Hi everyone,
We’re recently using nupic as an anomaly detector in a complex periods data envolving daily period/weekly period/monthly period. Thus, we’re getting data from seven different nodes into the same cluster, the load are well balanced so each node is processing the same number of requests (the metric that we’re analizing is our web site load) and all of them have the same behaviour.
Some more context:
1.- Our data are five minutes aggregated with two months deep. We’re processing data split by nodes in different and isolated streams.

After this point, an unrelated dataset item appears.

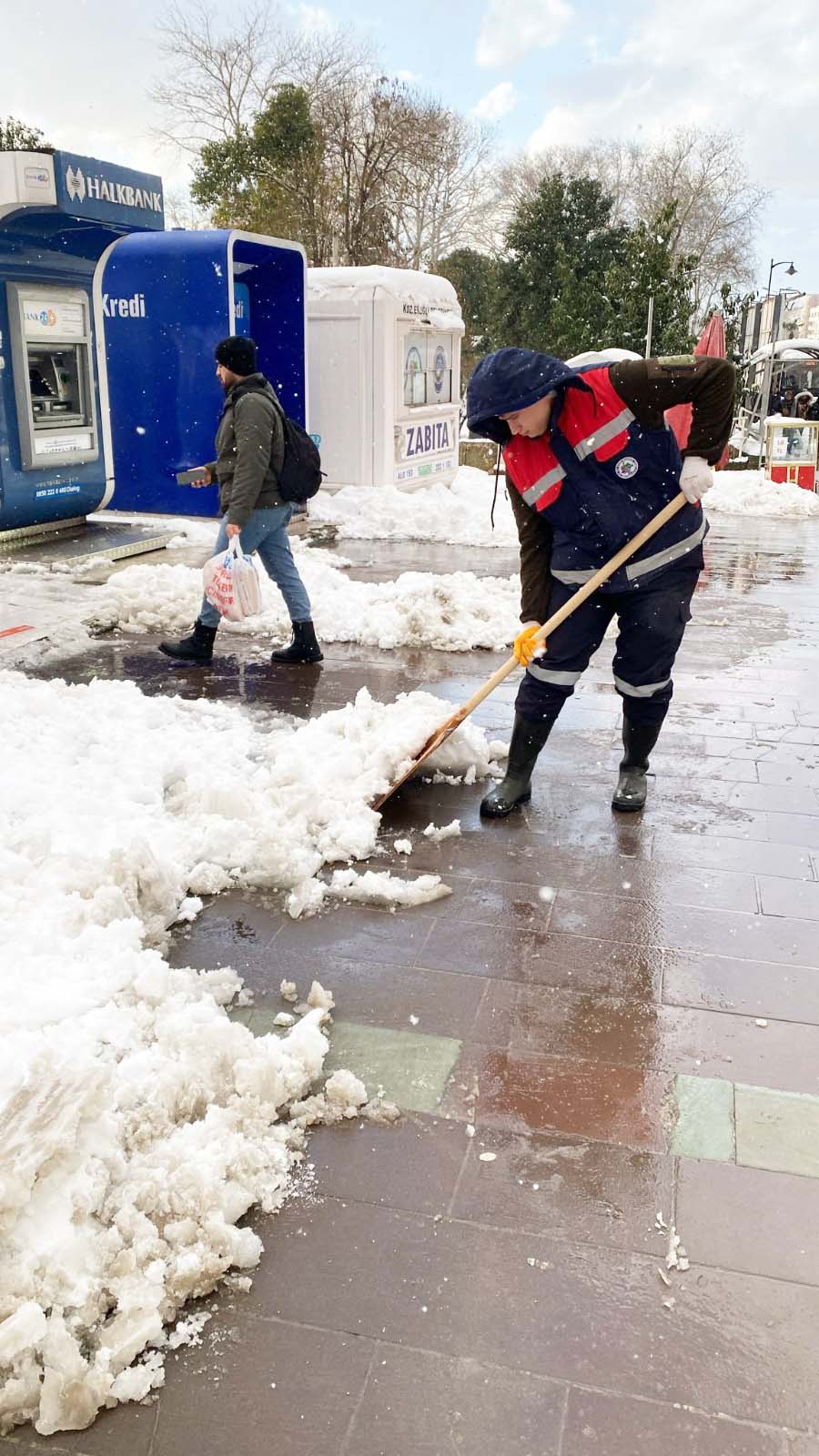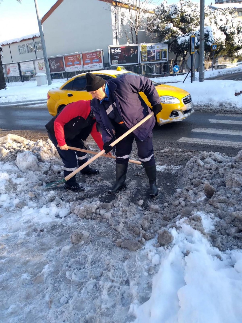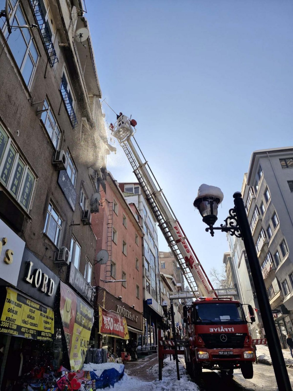 Fen İşleri Müdürlüğü’nün organizasyonunda Su ve Kanalizasyon, İtfaiye, Temizlik İşleri ve Zabıta başta olmak üzere bütün birimler, karla mücadele seferberliğini sürdürüyor. Ana arterlerden sonra ara yollarda kar küreme ve tuzlama çalışmaları devam ediyor, kaldırımlar ve yaya geçitleri yayalar için güvenli hale getiriliyor. İtfaiye tehlike arz eden kar ve buz sarkıtlarını temizliyor, çarşı merkezi kar kütlesinden arındırılıyor.

2.- That’s the best model we found. (Unexpectedly, without timeOfWeek and weekend enconding)
{
"inferenceArgs": {
"predictionSteps": [1],
"predictedField": "c1",
"inputPredictedField": "auto"
},
"aggregationInfo": {
"days": 0,
"fields": [],
"hours": 0,
"microseconds": 0,
"milliseconds": 0,
"minutes": 0,
"months": 0,
"seconds": 0,
"weeks": 0,
"years": 0
},
"model": "CLA",
"modelParams": {
"anomalyParams": {
"anomalyCacheRecords": null,
"autoDetectThreshold": null,
"autoDetectWaitRecords": 5030
},
"clEnable": true,
"clParams": {
"alpha": 0.035828933612157998,
"clVerbosity": 0,
"regionName": "CLAClassifierRegion",
"steps": "1"
},
"inferenceType": "TemporalMultiStep",
"sensorParams": {
"encoders": {
"timestamp_timeOfDay": {
"fieldname": "timestamp",
"name": "timestamp_timeOfDay",
"timeOfDay": [
21,
9.5
],
"type": "DateEncoder"
},
"timestamp_dayOfWeek": null,
"timestamp_weekend": null,
"value": {
"name": "value",
"fieldname": "value",
"numBuckets": 150,
"seed": 42,
"type": "RandomDistributedScalarEncoder"
}
},
"sensorAutoReset": null,
"verbosity": 0
},
"spEnable": true,
"spParams": {
"potentialPct": 0.8,
"columnCount": 2048,
"globalInhibition": 1,
"inputWidth": 0,
"maxBoost": 1.0,
"numActiveColumnsPerInhArea": 40,
"seed": 1956,
"spVerbosity": 0,
"spatialImp": "cpp",
"synPermActiveInc": 0.003,
"synPermConnected": 0.2,
"synPermInactiveDec": 0.0005
},
"tpEnable": true,
"tpParams": {
"activationThreshold": 13,
"cellsPerColumn": 32,
"columnCount": 2048,
"globalDecay": 0.0,
"initialPerm": 0.21,
"inputWidth": 2048,
"maxAge": 0,
"maxSegmentsPerCell": 128,
"maxSynapsesPerSegment": 32,
"minThreshold": 10,
"newSynapseCount": 20,
"outputType": "normal",
"pamLength": 3,
"permanenceDec": 0.1,
"permanenceInc": 0.1,
"seed": 1960,
"temporalImp": "cpp",
"verbosity": 0
},
"trainSPNetOnlyIfRequested": false
},
"predictAheadTime": null,
"version": 1
}
So, we hope get the same results (more or less) for all the nodes.
But…
1.- We’re getting a lot of diferences (anomalyLikelihood) between similar series. In peaks, not all series are reporting a high anomalyLikeHood ( > 0.80)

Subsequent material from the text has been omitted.